=== Data section ===

++++++++

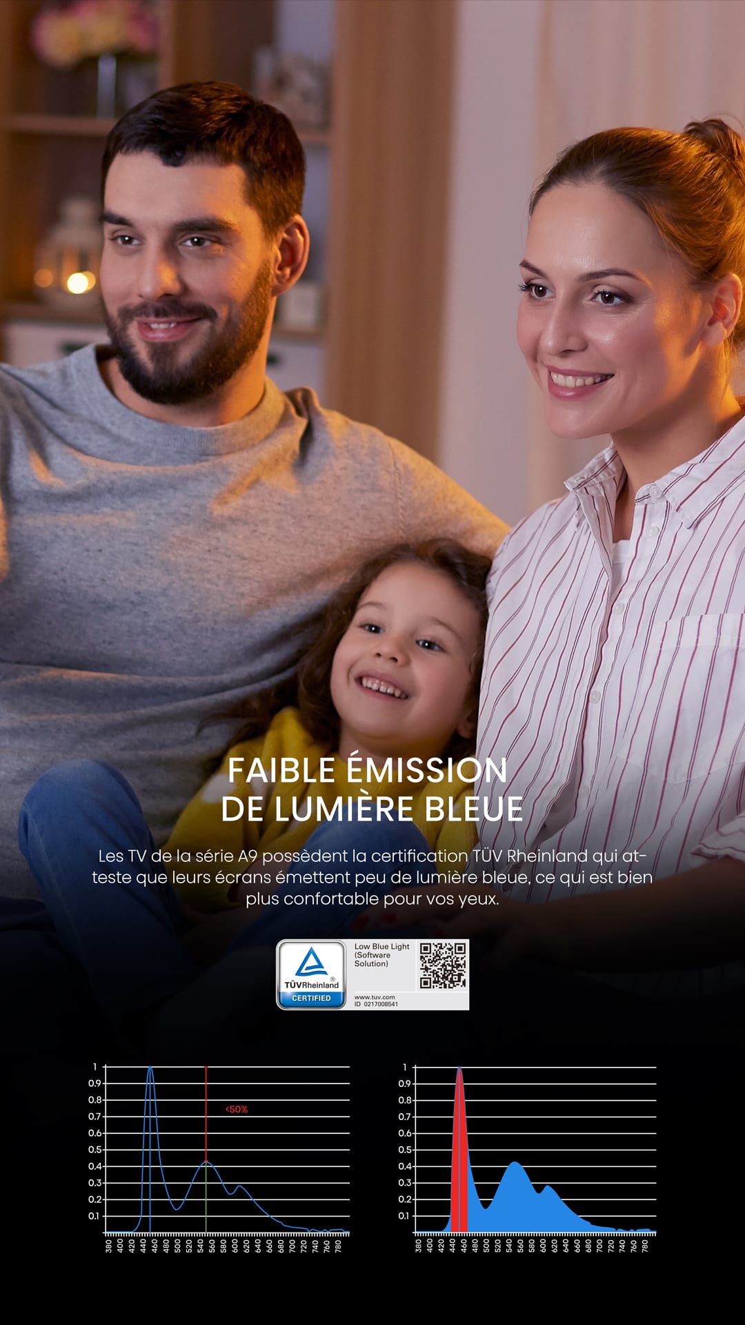 Les TV de la série A9 possèdent la certification TÜV Rheinland qui atteste que leurs écrans émettent peu de lumière bleue, ce qui est bien plus confortable pour vos yeux.
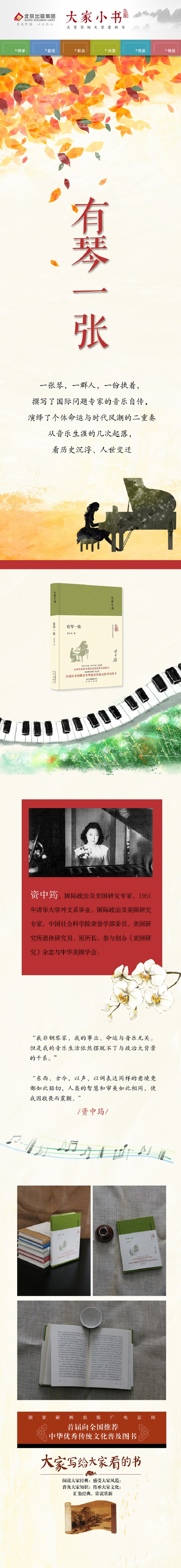 与音乐的关系只不过是少时课余学过六年钢琴,青年时曾以乐会友,老来成为不可或缺的自娱内容,同时也以之念旧游、结新交。其中有一些花絮、趣事以及人生的哀乐、体验。今接受出版社建议,在早已绝版的《锦瑟无端》小册子的基础上,加入新的内容,续成一本小书,雪泥鸿爪,以飨同好。无以名之,想起欧阳修自号“六一居士”,“六一”之中我得其三:书一万卷、琴一张、老翁(媪)一个,遂以《有琴一张》为名。
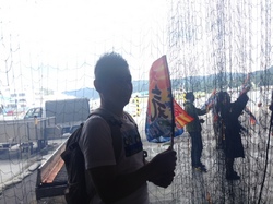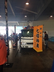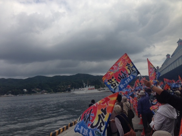 まぐろ漁船が、これから 漁に出ます。 その船出をみんなで、見送ります。 椿会から旗が貸し出されまして。
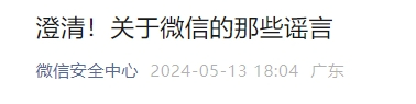 5月13日,微信安全中心发布关于微信谣言的澄清。

++++++++

=== Exercise description ===
Output only the lines that run from the line containing "与音乐的关系只不过是少时课余" to the last line of the data, exactly as they stand and without pictures.

=== Your solution ===
 与音乐的关系只不过是少时课余学过六年钢琴,青年时曾以乐会友,老来成为不可或缺的自娱内容,同时也以之念旧游、结新交。其中有一些花絮、趣事以及人生的哀乐、体验。今接受出版社建议,在早已绝版的《锦瑟无端》小册子的基础上,加入新的内容,续成一本小书,雪泥鸿爪,以飨同好。无以名之,想起欧阳修自号“六一居士”,“六一”之中我得其三:书一万卷、琴一张、老翁(媪)一个,遂以《有琴一张》为名。
 まぐろ漁船が、これから 漁に出ます。 その船出をみんなで、見送ります。 椿会から旗が貸し出されまして。
 5月13日,微信安全中心发布关于微信谣言的澄清。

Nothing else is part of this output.